━━ PROVIDED MATERIAL ━━
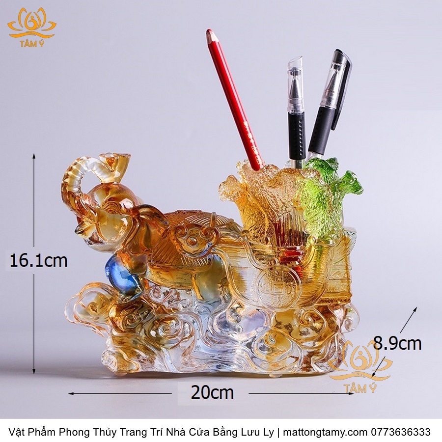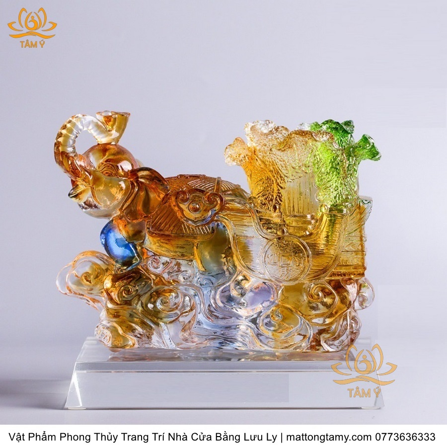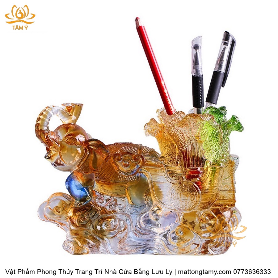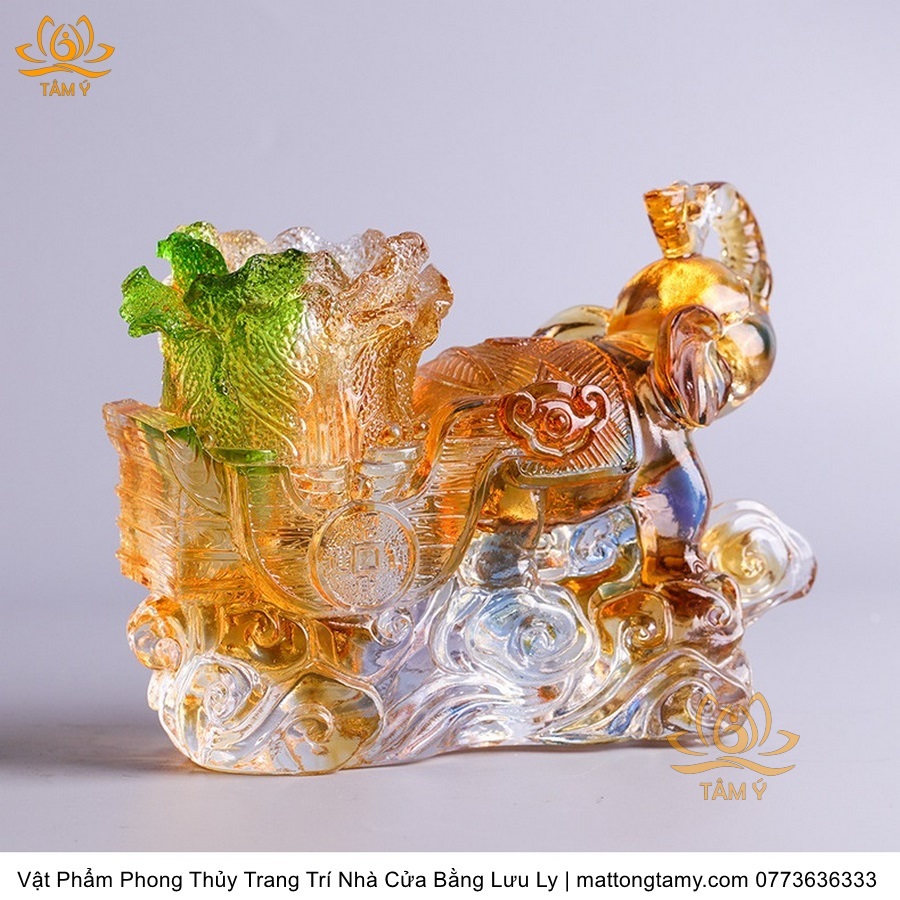 Voi Kéo Xe Dạng Hộp Đựng Bút Trang Trí Nhà Cửa Vật Phẩm Phong Thủy Bằng Lưu Ly Cao Cấp DTT60
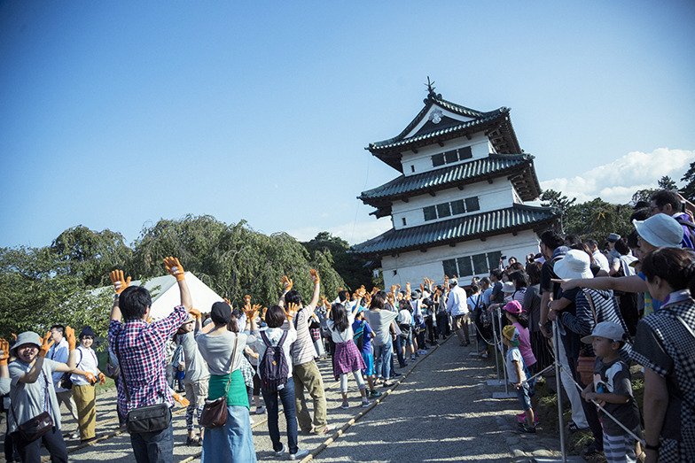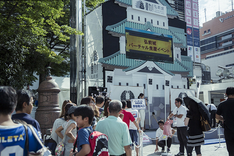 A line of eager participants formed before the suddenly appearing "Hirosaki Castle"
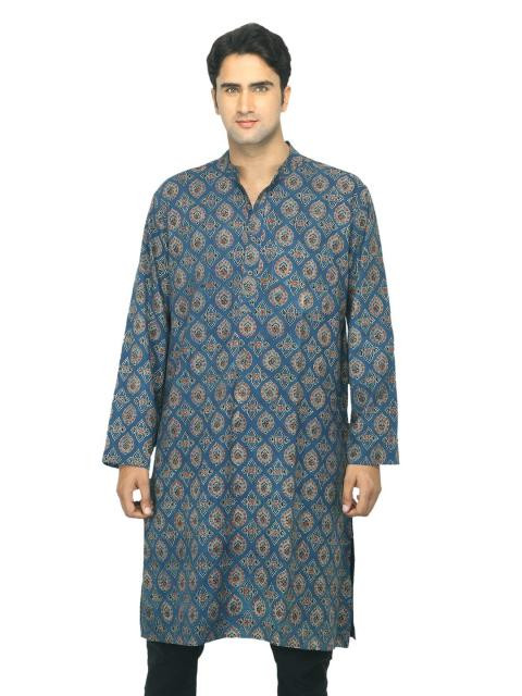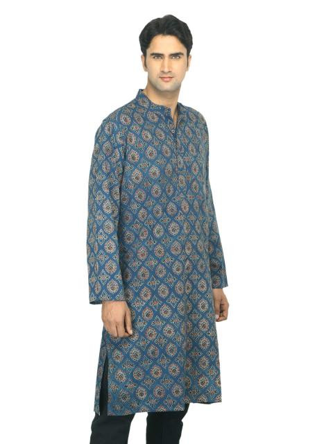 Blue ajrakh print kurta made of 100% cotton, has long sleeves, a mandarin collar with a half buttoned placket, two side pockets and one pocket on the left chest, panel along the sides and a vented hem
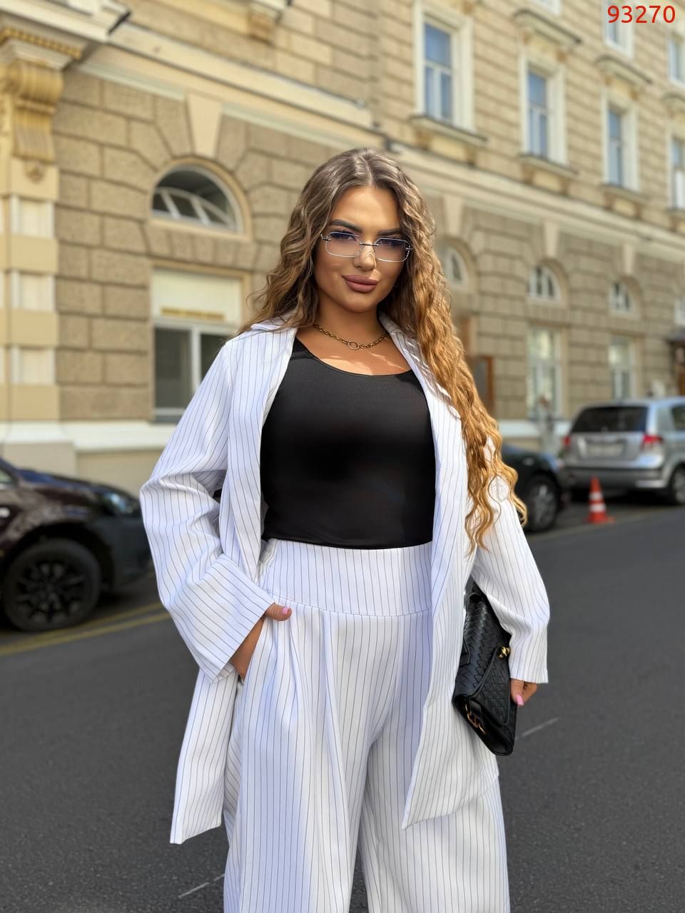 На штанах позаду резинка, піджак без застібок, та без підкладу)
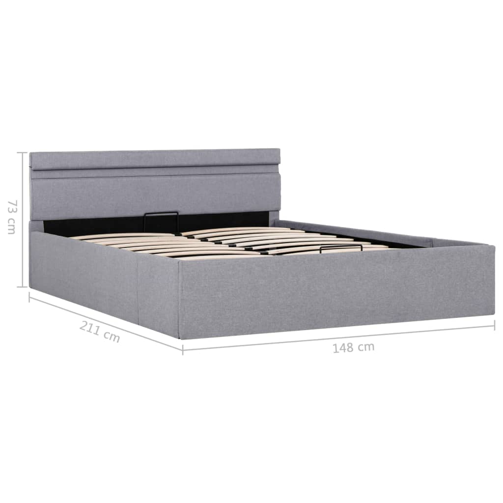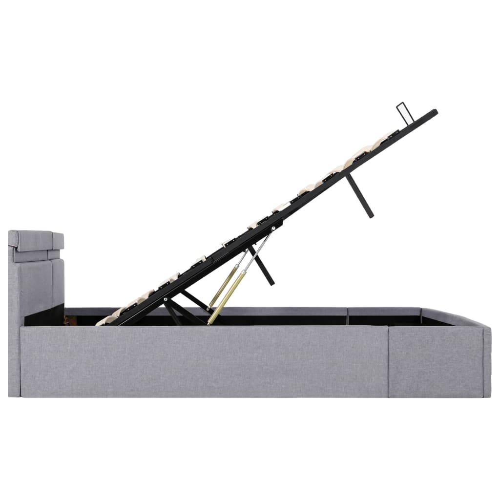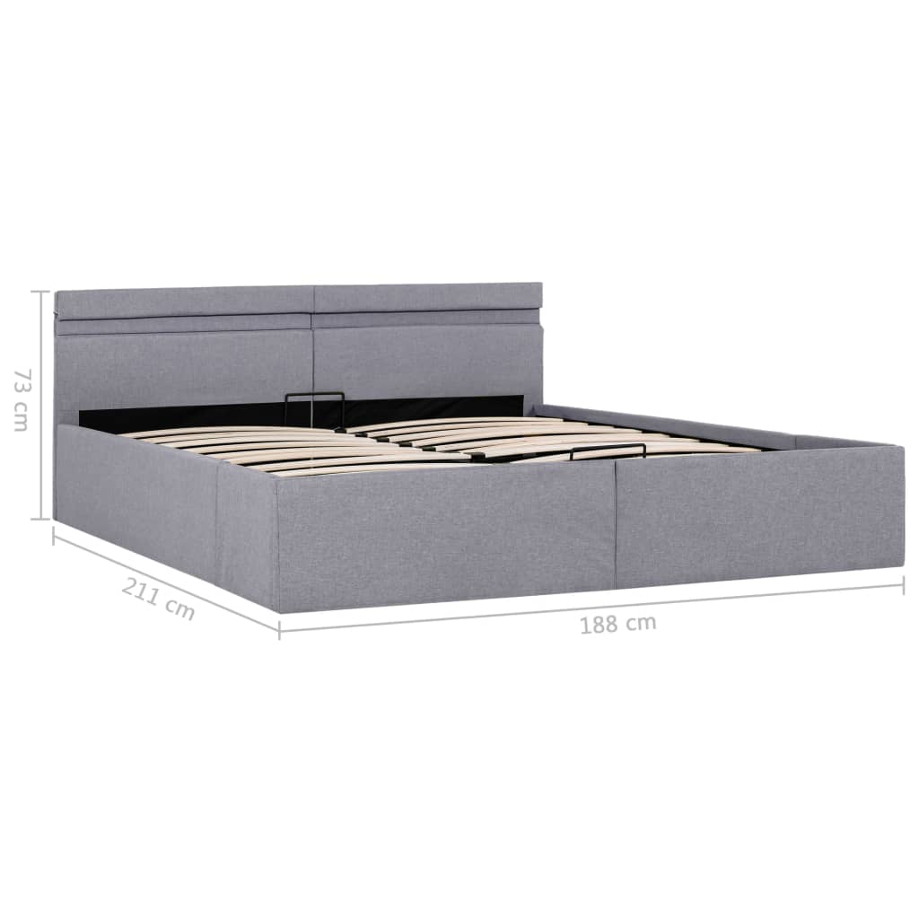 Adicione instantaneamente um toque moderno impressionante ao seu quarto com a nossa estrutura de cama hidráulica em tecido! Esta cama de solteiro é caracterizada por um design simples e elegante, além de uma construção sólida, pois é fabricada em MDF forte e robusto.estrutura de aço revestida a pó e as ripas de madeira compensada aumentam a robustez e a durabilidade da cama. Estofada em tecido durável, esta cama com arrumação é convidativa e fácil de manter. Este produto é fácil de montar.Poderá ainda ajustar convenientemente a potência, o brilho e as diferentes cores intermitentes da faixa de luzes LED com o controlo remoto de 24 teclas totalmente funcional e incluído, para criar um fantástico espetáculo de iluminação.
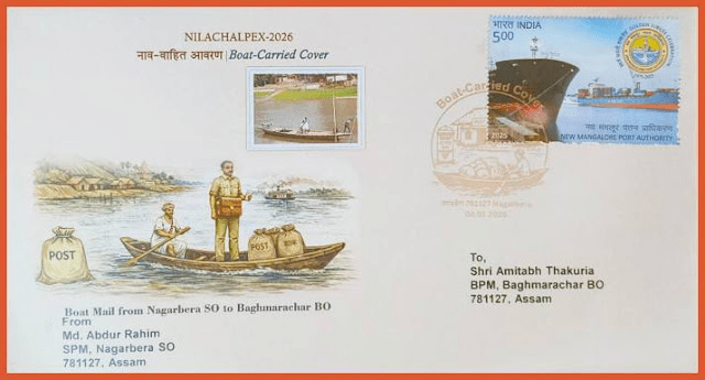 A Special Boat Carried cover was released during District Level Philatelic Exhibition Nilachalpex 2026 held at Guwahati on 08 & 09 Jan 2026. The cover was carried by boat from Nagarbera to Baghmarachar.
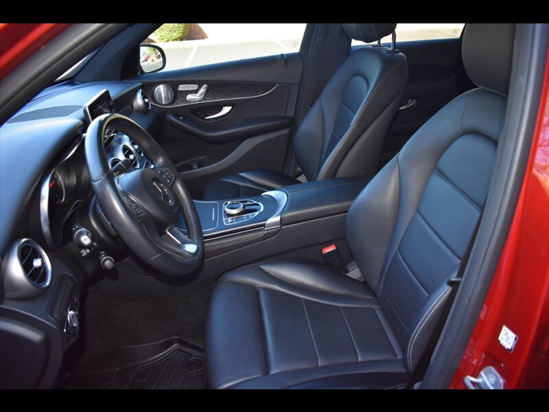 We just acquired this stunning designo Red Metallic 2018 Mercedes-Benz GLC 300 4MATIC—it was just traded in from a great customer and is in spectacular condition! This is a 1-owner vehicle with an excellent history and only 34,538 miles. That is only an average of 4,317 miles driven per year!! The Carfax report is excellent, and the vehicle has been strictly inspected by our specialists. This GLC balances refined Mercedes luxury with high-level safety tech and agile performance.
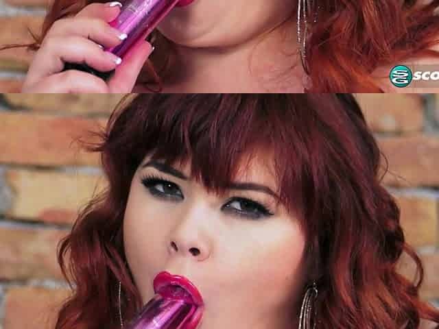 Ebony Girl In Biker Gloves Sucks A Dildo Passionately For You
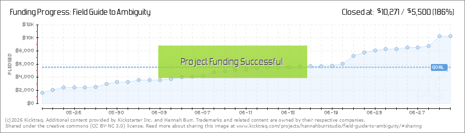 Last night at 8 pm est, we reached the formal kickstarter goal to print the artists book Field Guide to Ambiguity with 80 backers and 215 books reserved!!! This is thrilling, relieving, and very humbling. Your involvement is what makes this... (Read More)
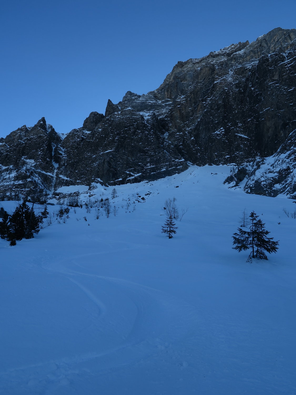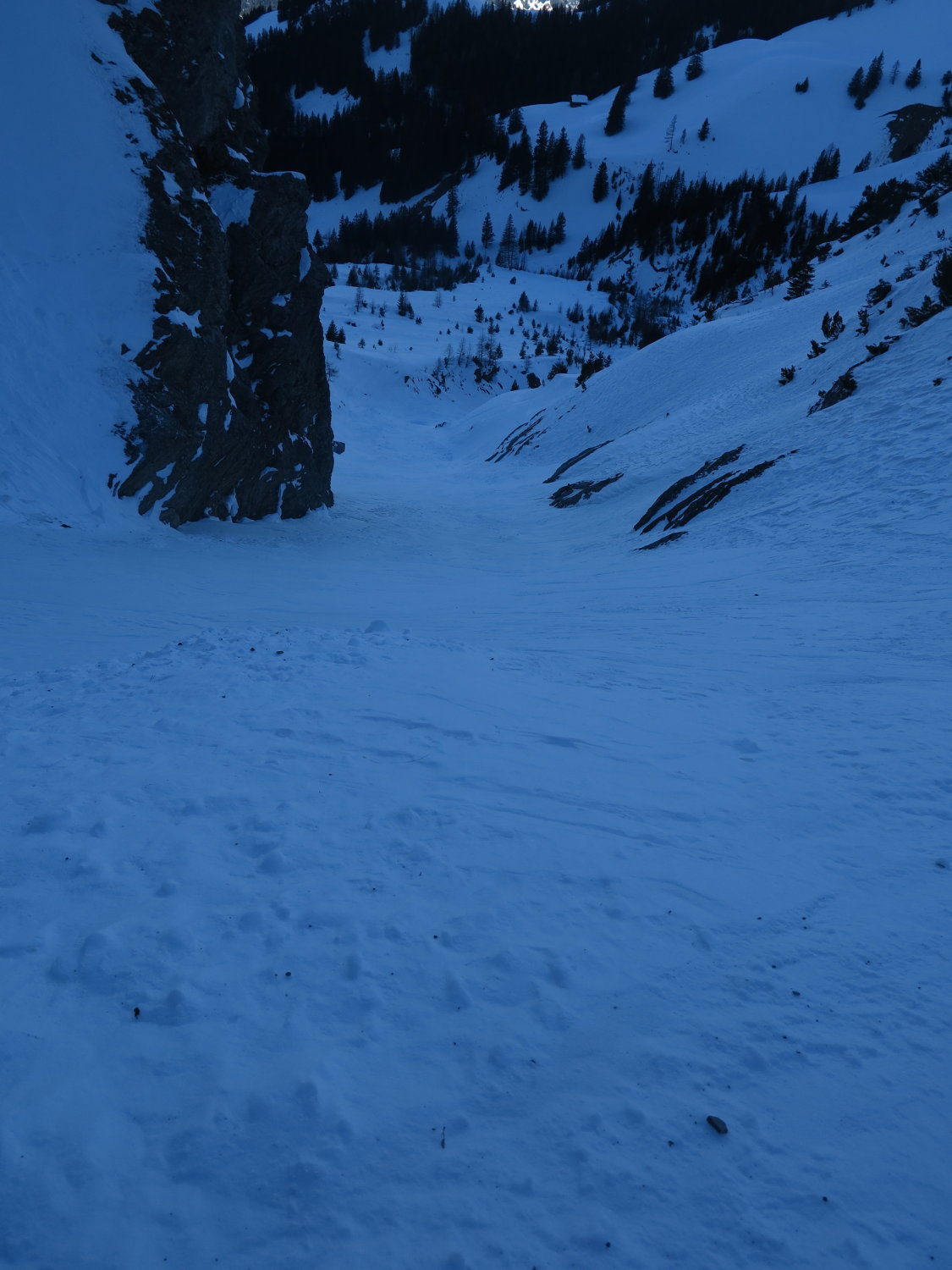 Nach Ammerten Schafberg umbedingt auf der südlichen Seite des Baches bleiben. Die Enge Passage hinunter und möglichst schnell nach westen traversieren, oberhalb des ersten Waldstückes! Nun zwischen den beiden Waldstücken in sehr schönem Pulver nach Ammerte P. 1506m. Dort zwingend den Bach auf dem Wanderweg überqueren und wie oben beschrieben nach Hotel Simmenfälle.
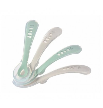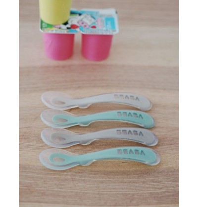 Découvrez la cuillère 2ème âge en silicone iconique de Béaba avec ce set de 4 cuillères.
━━━
**TASK DETAILS:**
Pictures aside, return exactly the lines from the data above, starting at the line that has "Adicione instantaneamente um" and ending at the line that has "Ebony Girl In", both included.

**SOLUTION TO THIS PROBLEM:**
 Adicione instantaneamente um toque moderno impressionante ao seu quarto com a nossa estrutura de cama hidráulica em tecido! Esta cama de solteiro é caracterizada por um design simples e elegante, além de uma construção sólida, pois é fabricada em MDF forte e robusto.estrutura de aço revestida a pó e as ripas de madeira compensada aumentam a robustez e a durabilidade da cama. Estofada em tecido durável, esta cama com arrumação é convidativa e fácil de manter. Este produto é fácil de montar.Poderá ainda ajustar convenientemente a potência, o brilho e as diferentes cores intermitentes da faixa de luzes LED com o controlo remoto de 24 teclas totalmente funcional e incluído, para criar um fantástico espetáculo de iluminação.
 A Special Boat Carried cover was released during District Level Philatelic Exhibition Nilachalpex 2026 held at Guwahati on 08 & 09 Jan 2026. The cover was carried by boat from Nagarbera to Baghmarachar.
 We just acquired this stunning designo Red Metallic 2018 Mercedes-Benz GLC 300 4MATIC—it was just traded in from a great customer and is in spectacular condition! This is a 1-owner vehicle with an excellent history and only 34,538 miles. That is only an average of 4,317 miles driven per year!! The Carfax report is excellent, and the vehicle has been strictly inspected by our specialists. This GLC balances refined Mercedes luxury with high-level safety tech and agile performance.
 Ebony Girl In Biker Gloves Sucks A Dildo Passionately For You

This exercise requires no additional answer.